Na verdade o senhor Malpertuis era um homem hábil, sabia bem do seu ofício, e melhor que ninguém tinha artes para atingir o seu fim por caminhos desviados.

O Conde de Vergis estremeceu escutando-o, e exclamou:

— Rasgar essa carta!

— Por certo.

— Esquecer o seu conteúdo!

— É o mais prudente.

— Mas não pense nisso!

— Penso muito bem, pelo contrário, não hesito em dar-lhe um conselho absolutamente contrário aos interesses do meu escritório.

— Reconheço o seu desinteresse, e aprecio-o, mas esse conselho é insensato!
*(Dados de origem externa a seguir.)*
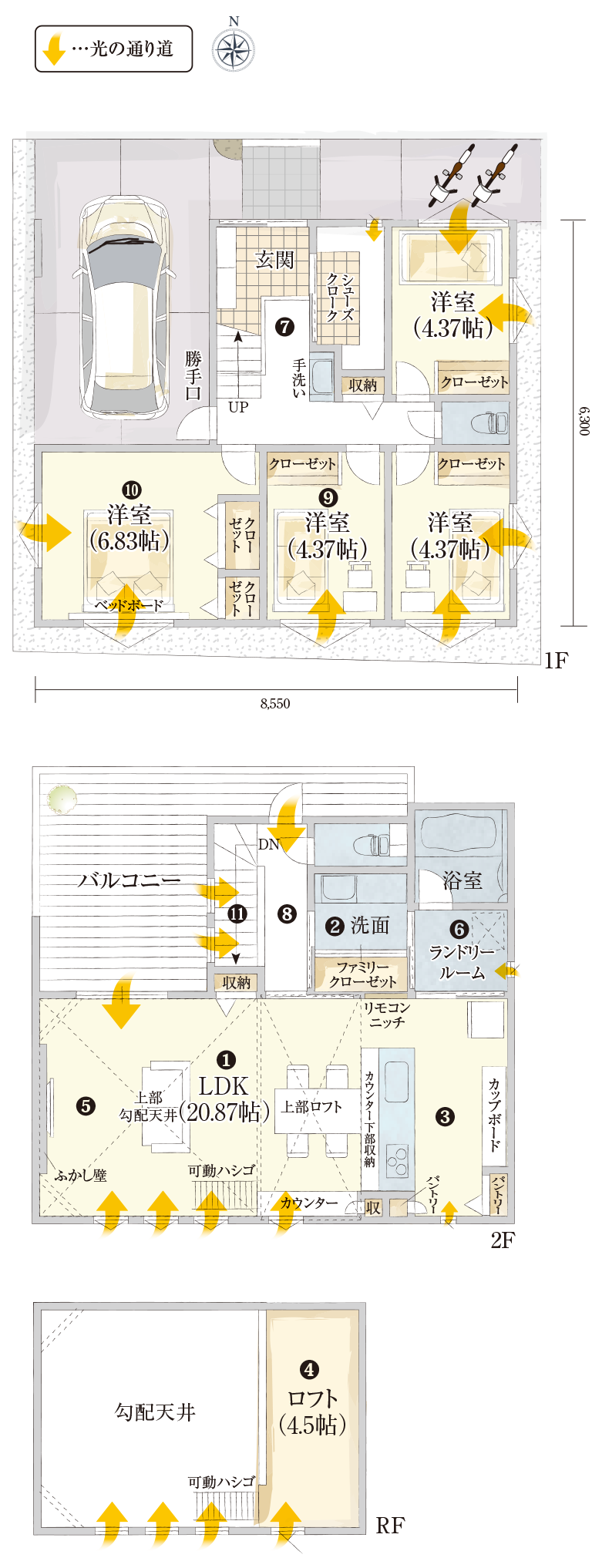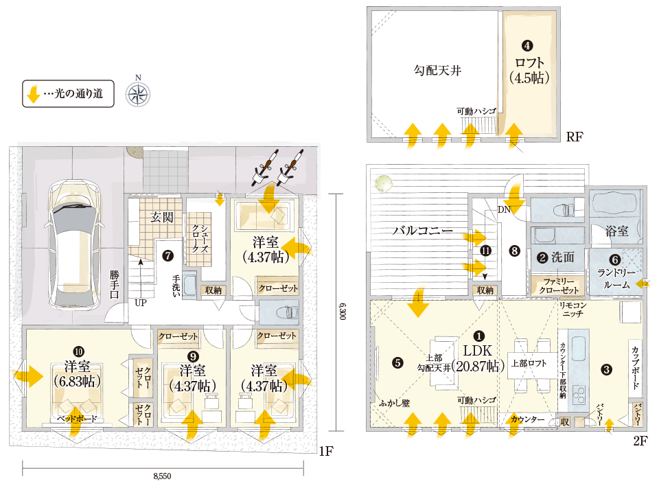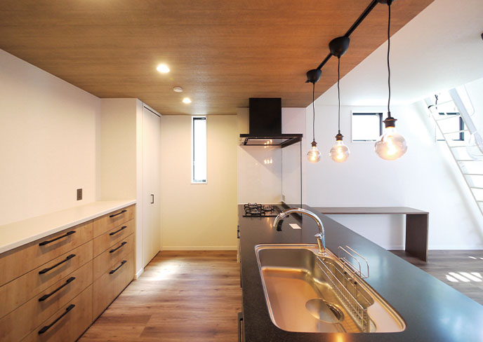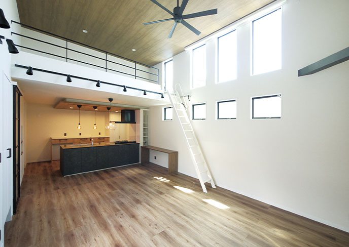❹キッチン上はロフトになっており、リビングとつながる空間としてお愉しみ頂けます。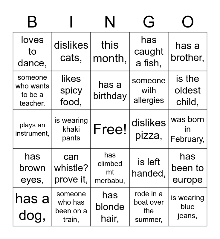 This bingo card has a free space and 34 words: dislikes tomatoes,, rode in a boat over the summer,, rode in a tesla over the summer,, is wearing red,, has brown eyes,, likes spicy food,, has a brother,, has a dog,, dislikes cats,, has a sister,, has a birthday, this month,, wears glasses,, likes to draw,, dislikes pizza,, is the oldest child,, someone who has been on a train,, plays an instrument,, can whistle? prove it,, is left handed,, has climbed mt merbabu,, has ridden a horse,, loves to dance,, was born in February,, has blonde hair,, is wearing blue jeans,, has caught a fish,, read a book over the summer,, someone with allergies, someone who wants to be a teacher., been to china, not just the airport, is wearing khaki pants, has been to europe and has been to africa.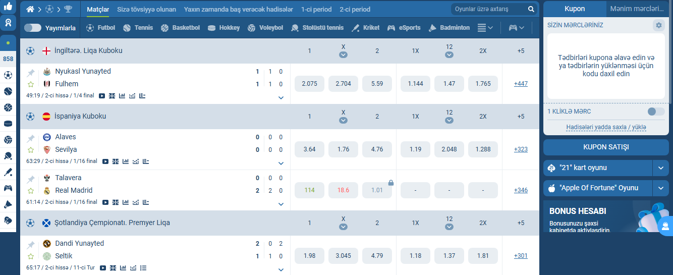Anlıq kupon yenilənməsi: Seçilmiş mərc bazarları və əmsallar avtomatik olaraq yenilənir. Əmsal dəyişdikdə kupon dərhal uyğunlaşdırılır və istifadəçidən səhifəni yeniləmək tələb olunmur.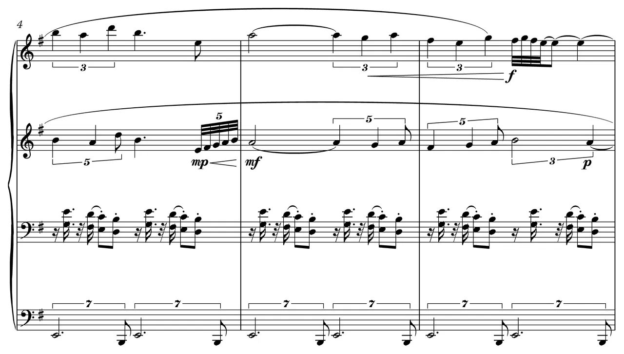 This work is a simple dance in E minor. The two melodic voices engage in heterophonic counterpoint over an ostinato in the bass. A series of bell-like chords briefly asserts itself, before the dance resumes.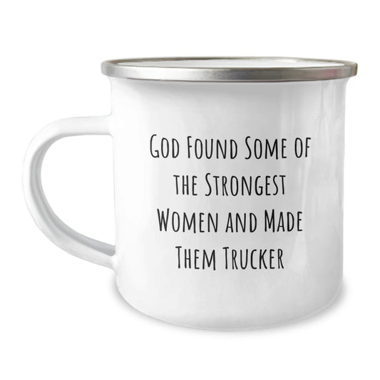Funny Inspirational Trucker Gifts from Friends for Men and Women, Graduation Unique Gifts in Camping Mug, 'God Found Some Of The Strongest Women And Made Them Trucker'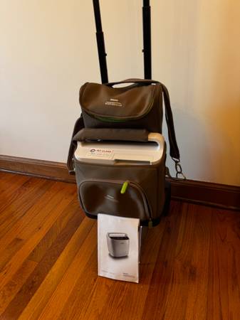 Barely used Phillips Respironics Simply Go portable oxygen. Private party sale. Works with batteries (4 extra), plugged into household outlet or plugged into vehicle accessory port. Extremely quiet running. Also has optional wheeling cart, shoulder strap and case, extra charging cord and extra car cord. Delivers continuous flow up to 2 liters and pulse flow up to 6 liters. Willing to drive to meet in a public central location for a serious buyer. Asking $1250. This is way less than half the original cost, used only as a back up, likely about 15 hours running time.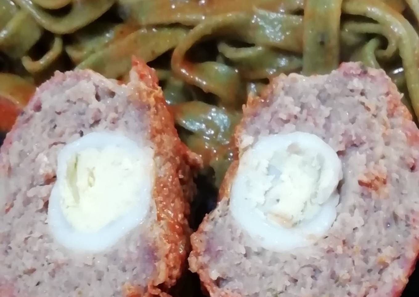 - Hacemos una albóndiga y luego la aplastamos. Ponemos en el centro un huevo y la volvemos a cubrir.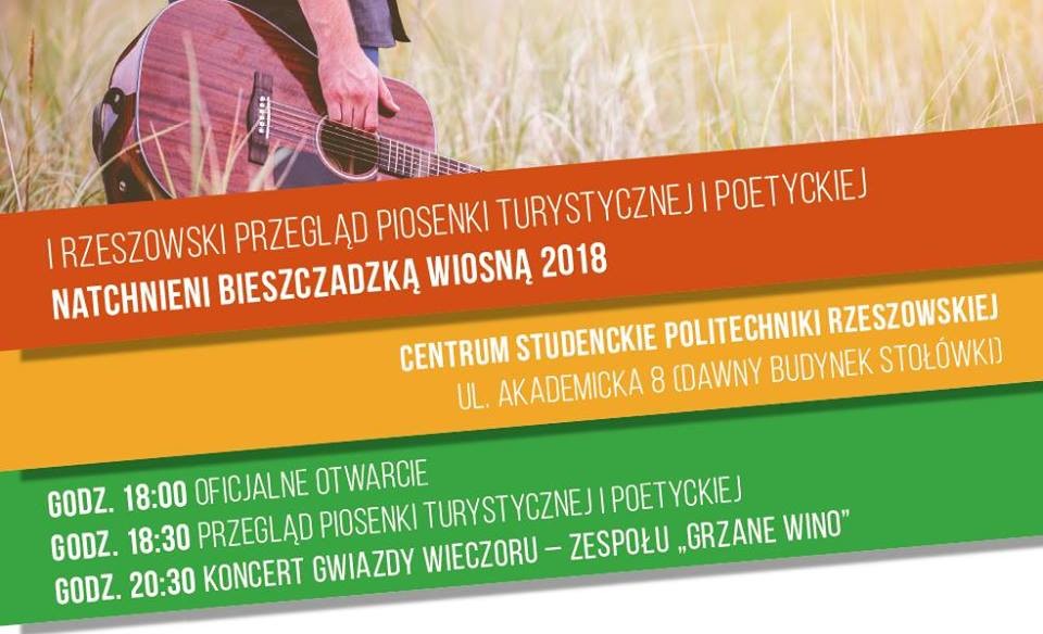 Stowarzyszenie „Natchnieni Bieszczadem” w Cisnej organizuje 26 kwietnia na Politechnice Rzeszowskiej I Podkarpacki przegląd piosenki turystycznej i poetyckiej „Natchnieni Bieszczadzką Wiosną 2018”.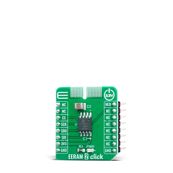 EERAM 2 Click is a standalone serial SRAM memory that includes shadow non-volatile backup. EERAM uses a small external capacitor to provide the energy needed to move the contents of the SRAM to the non-volatile cells when system power is lost. Unlike NVSRAM, no external battery is needed. EERAM offers unlimited SRAM read and write cycles and more than 100,000 backups to the non-volatile cells. Since power loss events are typically random or unpredictable, EERAM works in applications that absolutely cannot lose the quickly changing SRAM data on any sudden power loss. It provides designers of a data logging/black box or monitoring systems with a safe and accurate way to safely, reliably and automatically store the last data bytes prior to the power loss event. The Vcc is monitored inside the IC and can automatically handle the data movement between the SRAM and the non-volatile memory on any power disruption.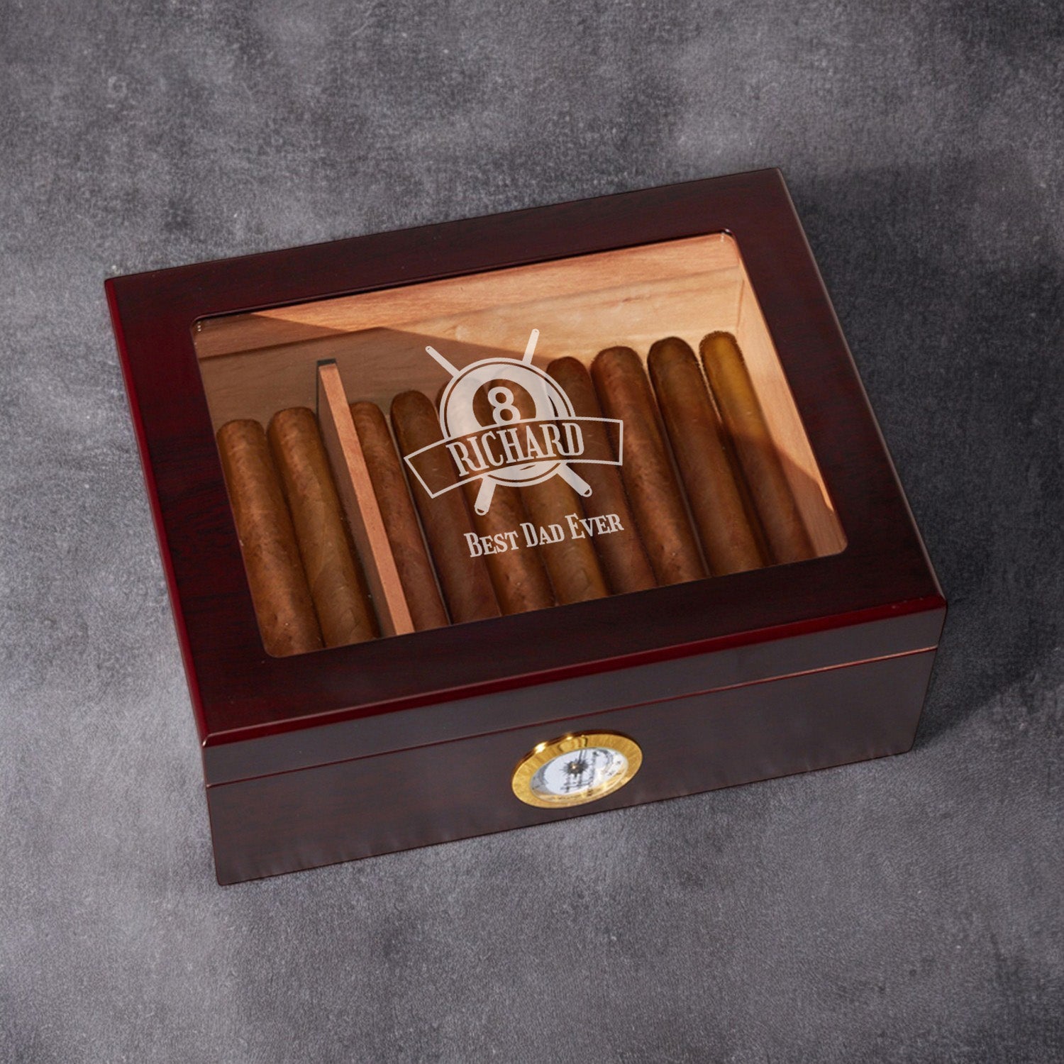 Pool Billiard Eight-Ball Personalized Cigar Humidor 50 Count

— Por que, se me, faz favor.

— Porque não tenho direito de deixar impune o crime, seja ele qual for! O meu dever é castigar o adultério ou a calúnia! Creio a Condessa inocente, repito-lhe, mas quero saber dia a dia, hora a hora, o que faz da liberdade ilimitada que lhe dou. Quero ter a certeza de que não sou vítima... Depois que recebi essa carta maldita, preocupa-me uma idéia fixa, a febre escalda-me, a cabeça desvaira-me. Se um tal estado de agonia se prolongasse, endoidecia. Recuso abaixar-me até à espionagem, e demais espionaria mal, porque a dissimulação causa-me horror. É preciso pois que outros espionem em meu lugar, é preciso que agentes sutis se encarreguem ,da causa da minha honra ameaçada. Venho rogar-lhe que me forneça agentes e pessoalmente os dirija. Está por isto?

 

CONTINUAÇÃO

Não faremos por certo pasmar o leitor, dizendo-lhe que a resolução do agente estava de antemão tomada.

Pareceu, contudo, refletir antes de responder.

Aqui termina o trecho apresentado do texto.